DÉCLARATIONS DE SÉNATEURS — Le décès de Cherry Kingsley
7 décembre 2021
Honorables sénateurs, comme une étoile filante, Cherry Kingsley brillait de mille feux, mais, la semaine dernière, elle s’est éteinte trop tôt, malgré sa volonté de vivre. Nous nous sommes rencontrées en 1988. Quelques minutes à peine après que nous nous soyons présentées, je lui ai offert ce qu’elle a décrit comme son premier emploi légitime. C’est ainsi qu’elle est devenue une membre fondatrice de l’Alberta Youth In Care and Custody Network, le réseau des jeunes en foyer d’accueil de l’Alberta, et le moteur derrière la conférence des défenseurs de la jeunesse de 1988.
Lorsqu’elle a perdu son logement, elle a déménagé chez moi et s’est jointe à ma famille. Son fils bien-aimé Dakota s’est ajouté plus tard à notre cercle. Lorsque Cherry était âgée de 11 ans, elle s’est enfuie du domicile familial avec sa sœur pour échapper aux mauvais traitements de leur beau-père. Comme elles étaient des jeunes filles autochtones, elles ont été prises en charge puis aussitôt abandonnées dans la rue. Comme tant d’autres, elle a été exploitée, maltraitée et traumatisée à maintes reprises et a été victime de la traite de personnes entre Calgary et Vancouver. Elle nous a mis au défi de reconnaître la misogynie, le racisme et les préjugés fondés sur la classe sociale des hommes ordinaires — des pères, des époux, des grands-pères, des oncles et des frères — et, en particulier, des hommes jouissant d’un privilège considérable, qui traitent les enfants et les jeunes femmes comme des objets, de manière dégradante et déshumanisante, les exploitent et les maltraitent. Elle a mis au défi des policiers, des travailleurs sociaux, des politiciens et les Nations unies, de faire respecter les droits des femmes et des enfants.
Cherry était une femme brillante, éloquente, courageuse, généreuse et bienveillante.

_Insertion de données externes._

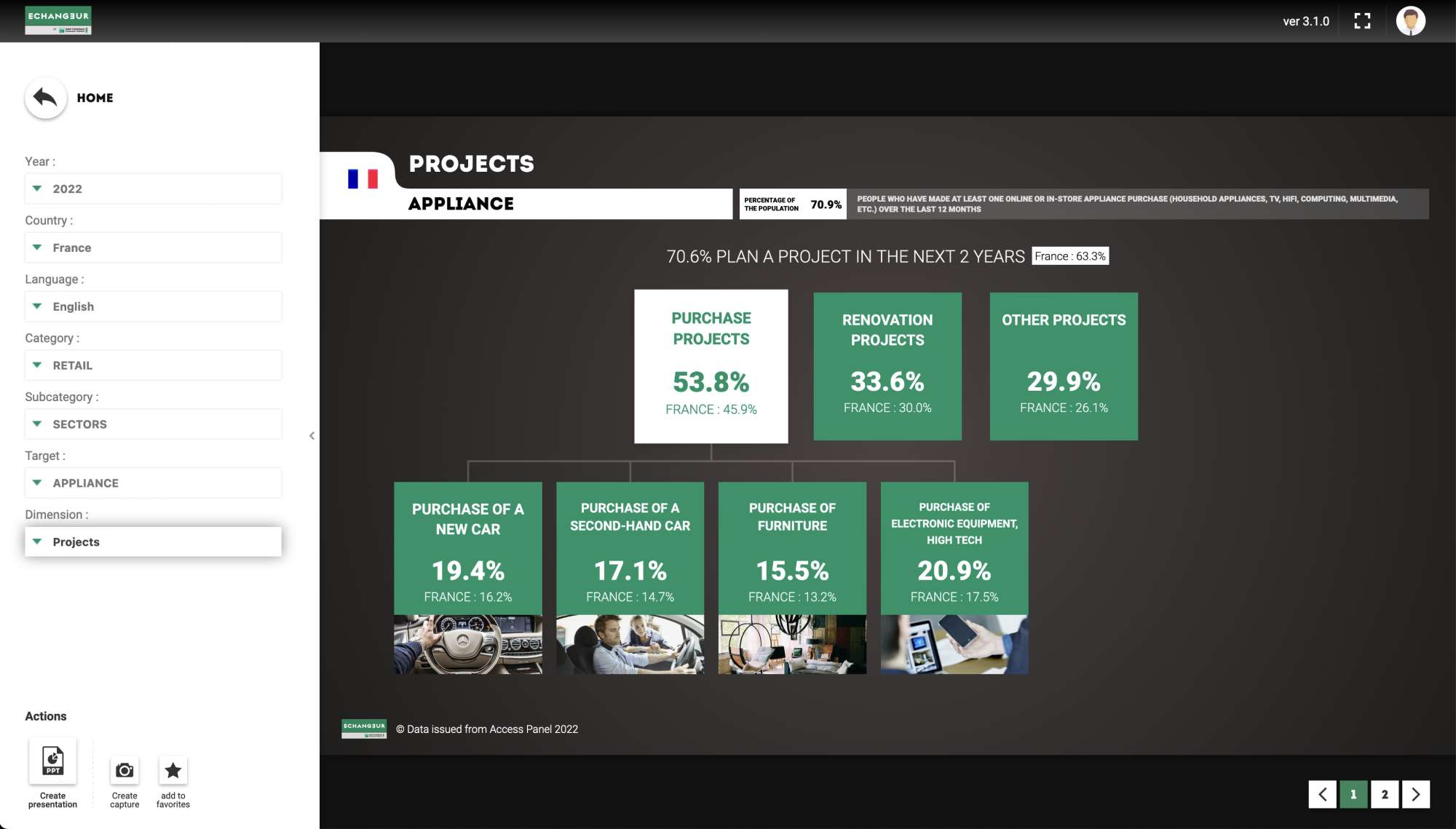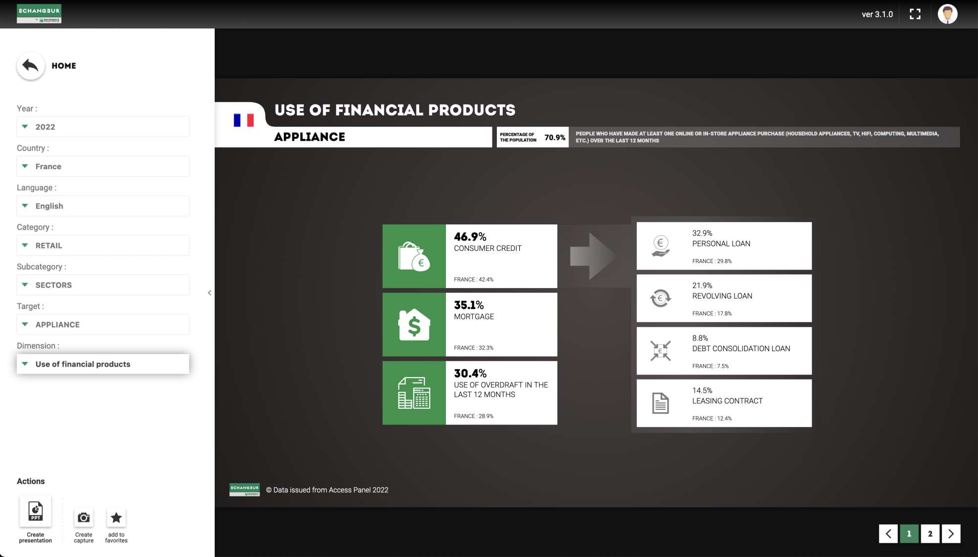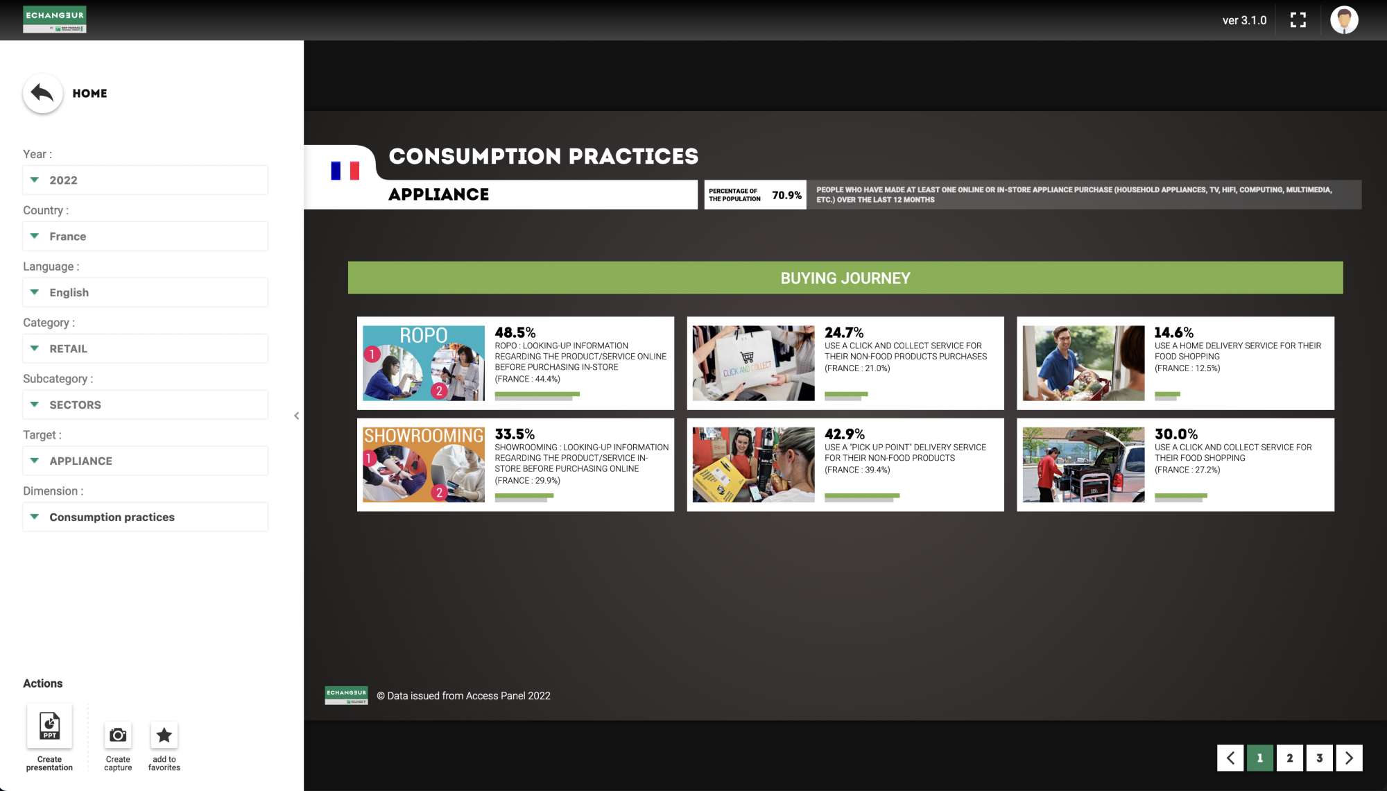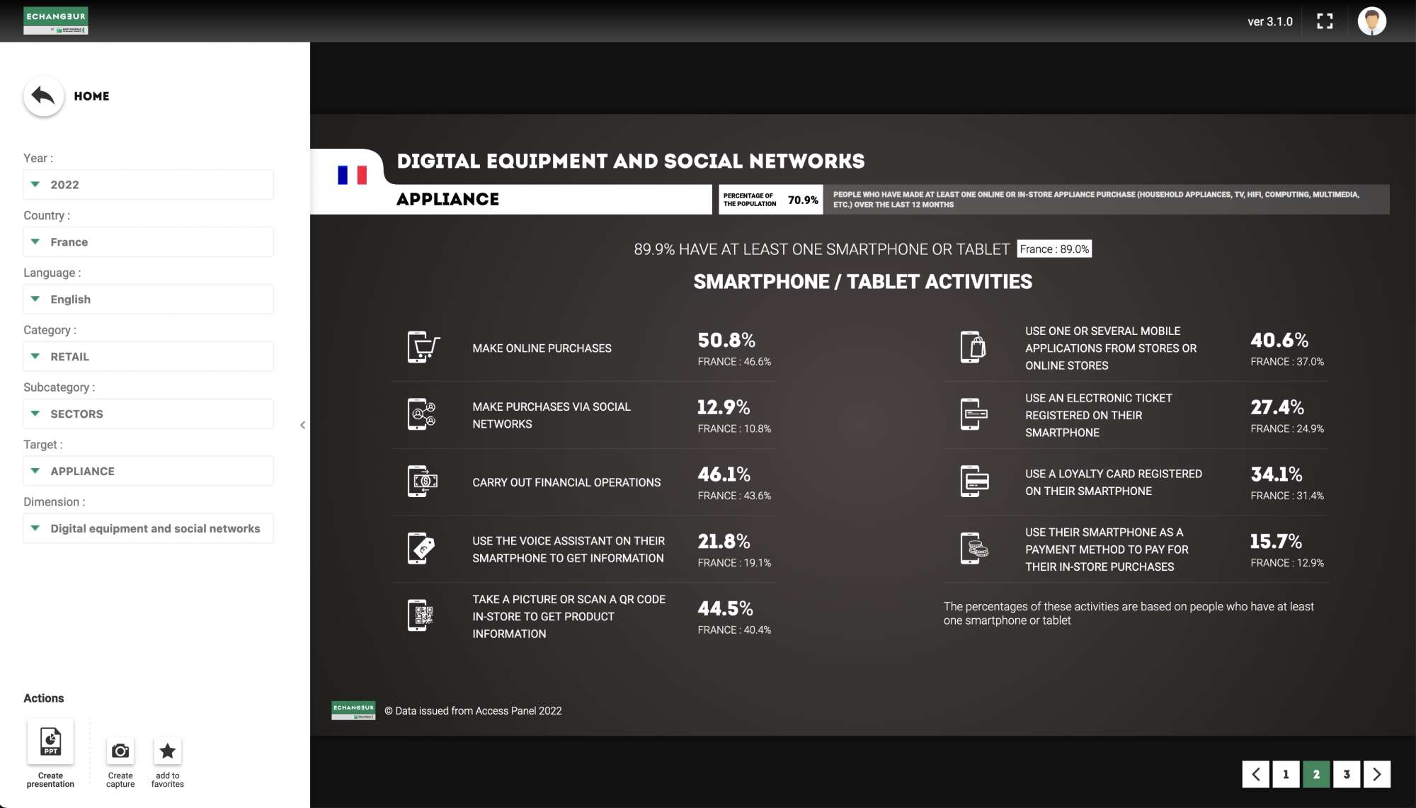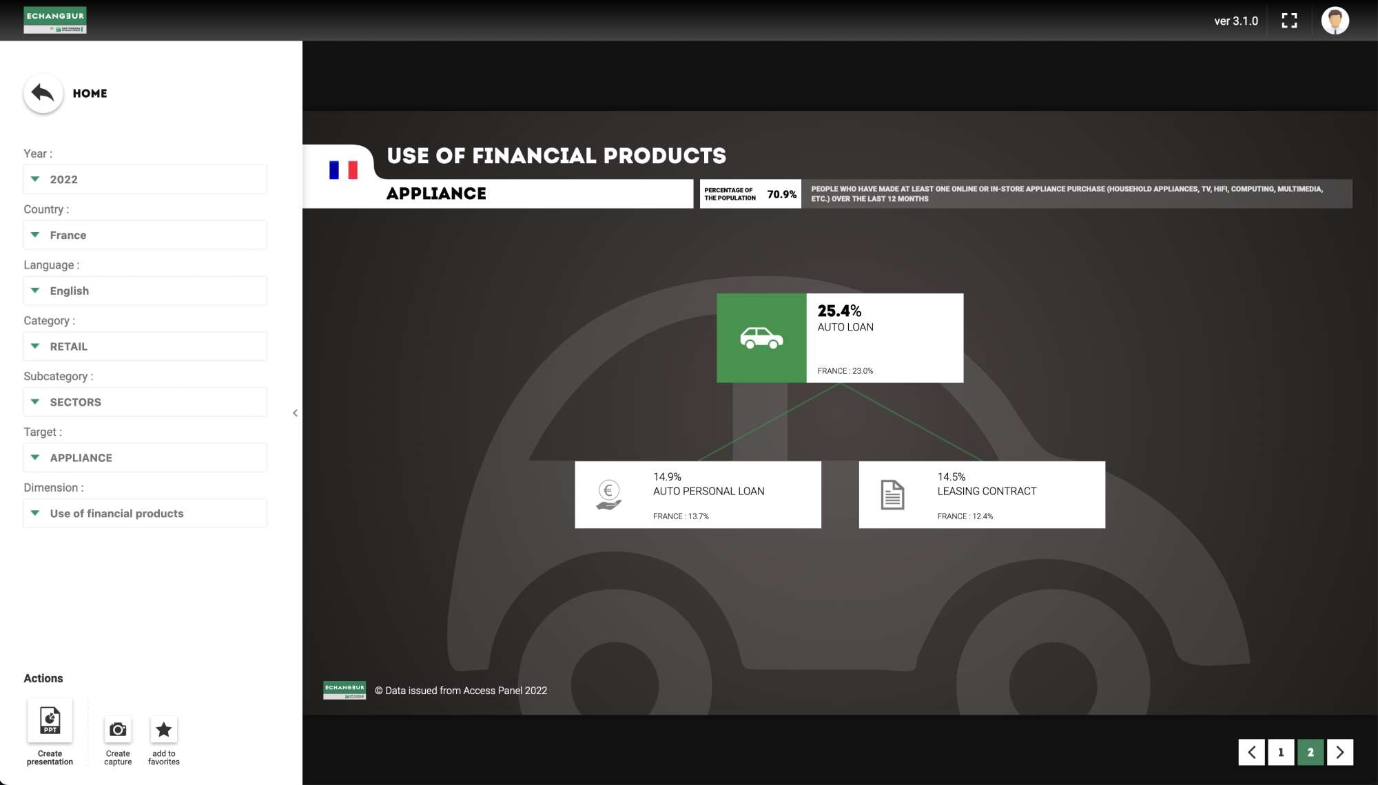 Extension synchronisée du showroom Echangeur, à portée de l’ensemble des unités pays de la BNP. La technologie adapte l’environnement de datavisualisation au standard HTML et permet la consultation administrée de l’ensemble des données de d’analyse de l’Access Panel.

Elle s’est servie de son expérience pour ouvrir les yeux et les esprits de bien des gens. Elle a exigé que toute la société reconnaisse que des enfants étaient victimes de la traite et de l’exploitation des personnes et participaient contre leur gré au commerce du sexe. Grâce à elle, des organismes internationaux de protection des droits de la personne ont changé leur vocabulaire et cessé d’employer le terme « enfant prostitué ».

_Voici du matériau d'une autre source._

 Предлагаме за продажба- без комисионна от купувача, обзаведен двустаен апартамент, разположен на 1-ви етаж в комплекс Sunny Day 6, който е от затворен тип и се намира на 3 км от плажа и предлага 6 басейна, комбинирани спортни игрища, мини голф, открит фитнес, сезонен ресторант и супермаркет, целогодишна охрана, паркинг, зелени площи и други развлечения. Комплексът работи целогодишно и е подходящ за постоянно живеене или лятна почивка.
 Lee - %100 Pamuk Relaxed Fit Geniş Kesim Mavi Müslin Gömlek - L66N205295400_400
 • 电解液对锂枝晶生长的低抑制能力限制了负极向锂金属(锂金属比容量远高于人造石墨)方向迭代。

En 1996, Cherry et la sénatrice Pearson ont assisté au premier Congrès mondial contre l’exploitation sexuelle des enfants à des fins commerciales. En 1998, elles ont coprésidé le sommet international Sortir de l’ombre, qui portait sur l’exploitation sexuelle de la jeunesse. Elles ont présenté les résultats d’un programme d’intervention aux Nations unies. La même année, Cherry a corédigé le rapport Sacred Lives avec Melanie Mark, qui allait devenir ministre et députée de l’Assemblée législative de la Colombie-Britannique.
Elle a également fait cause commune avec l’ancien sénateur Roméo Dallaire et l’ancienne ministre Ethel Dorothy Blondin-Andrew, qui a proposé la candidature de Cherry pour le Prix du Gouverneur général en commémoration de l’affaire « personne » en 2000. Sur la Colline du Parlement, lorsqu’un membre du personnel de sécurité lui a demandé pourquoi on lui avait décerné une médaille, elle a aussitôt lancé cette boutade : « Pour qu’on m’empêche d’avancer! »
Je suis très reconnaissante d’avoir eu la chance de connaître et d’aimer Cherry. Je ne peux pas décrire à quel point elle me manque. Merci.